Der Bund hatte rund 60 Milliarden Euro an nicht abgerufenen Corona-Krediten für Klimaschutz und die Modernisierung der Industrie umgewidmet und in den Klima- und Transformationsfonds gesteckt. Das hat das Bundesverfassungsgericht untersagt, so dass nun 60 Milliarden in dem Fonds fehlen. Zuletzt waren Stimmen laut geworden, dass die Schuldenbremse derart modifiziert werden könnte, dass sie Kredite für Investitionen anders betrachtet als die für konsumtive Ausgaben.
Nach dem Urteil müsse neu priorisiert werden, für was Geld ausgegeben werde, sagte Wissing. Das finde derzeit statt und sei eine Kernaufgabe der Politik.

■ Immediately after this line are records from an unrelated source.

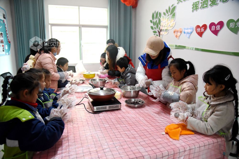 2022年1月11日下午,在江西省抚州市南丰县东坪乡中心学校“留守儿童之家”,县教体文化交流协会组织志愿者在东坪乡中心学??埂耙媛吠小惫匕羰囟疃?,带给留守儿童们暖暖的春意。
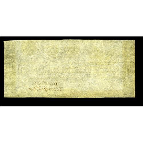 <B>Fr. TN-14a Hessler X83C $10 March 25, 1815 "Act of February 24, 1815" Treasury Note New.</B></I> Two light corner folds are found on this exquisite two-signature plate letter G remainder that is given a rarity by Hessler of R-6, 13 - 30 known. The upper and bottom margins are also slightly inside the frame lines. The note has also been nicely taken care of during the nearly two hundred years since it was adorned with the signatures of Saml. Clarke and Edward Fox. The countersignature line of the Register of the Treasury is blank. This is an important foundation note for starting a collection of these intriguing notes from the Second War of American Independence.
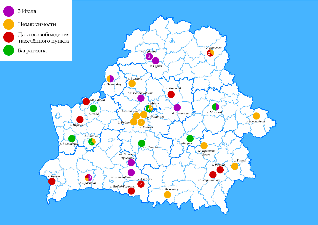 Всего в реестре улиц и дорог значится 40 таких наименований в 30 населенных пунктах. В названиях 12 раз упоминается 3 июля, 16 раз –Независимости, а в честь отдельных дат освобождения населенных пунктов присвоено 12 названий. Кроме того, 10 наименований улиц в 7 населенных пунктах нашей страны носят название операции «Багратион».
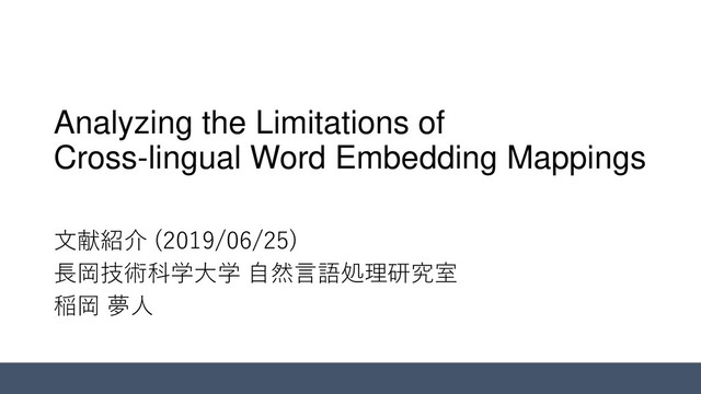 Analyzing the Limitations of Cross-lingual Word Embedding Mappings 文献紹介 (2019/06/25)

Die Jungen Liberalen haben Finanzminister Christian Lindner (FDP) zur Einhaltung der Schuldenbremse in den kommenden zwei Jahren aufgefordert. "Für das kommende Haushaltsjahr ist eine Notsituation, die die Aussetzung der Schuldenbremse begründen könnte, nicht absehbar. Wir erwarten von Christian Lindner als FDP-Vorsitzendem deshalb ein klares Bekenntnis zur Einhaltung der Schuldenbremse in den Jahren 2024 und 2025″, teilte die Vorsitzende der FDP-Jugendorganisation, Franziska Brandmann, am Freitag mit. Steuererhöhungen schlossen die Jungen Liberalen aus.

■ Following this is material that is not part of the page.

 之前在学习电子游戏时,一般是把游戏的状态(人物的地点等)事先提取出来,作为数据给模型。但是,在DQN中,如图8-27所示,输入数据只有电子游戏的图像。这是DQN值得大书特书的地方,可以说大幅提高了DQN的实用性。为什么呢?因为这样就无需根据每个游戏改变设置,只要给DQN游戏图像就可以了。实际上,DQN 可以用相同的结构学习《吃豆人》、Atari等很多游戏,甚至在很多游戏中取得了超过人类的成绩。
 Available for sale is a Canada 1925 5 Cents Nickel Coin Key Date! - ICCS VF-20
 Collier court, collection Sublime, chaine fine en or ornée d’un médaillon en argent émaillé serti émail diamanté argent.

Nach dem Karlsruher Haushaltsurteil will die Ampel-Koalition für dieses Jahr die Ausnahmeregelung der Schuldenbremse nutzen. Lindner hatte am Donnerstag angekündigt, er werde dem Kabinett in der kommenden Woche einen Nachtragshaushalt vorlegen. Die Bundesregierung werde dem Bundestag vorschlagen, eine außergewöhnliche Notlage zu erklären. Damit sollen in diesem Jahr bereits genutzte Kredite nachträglich rechtlich abgesichert werden.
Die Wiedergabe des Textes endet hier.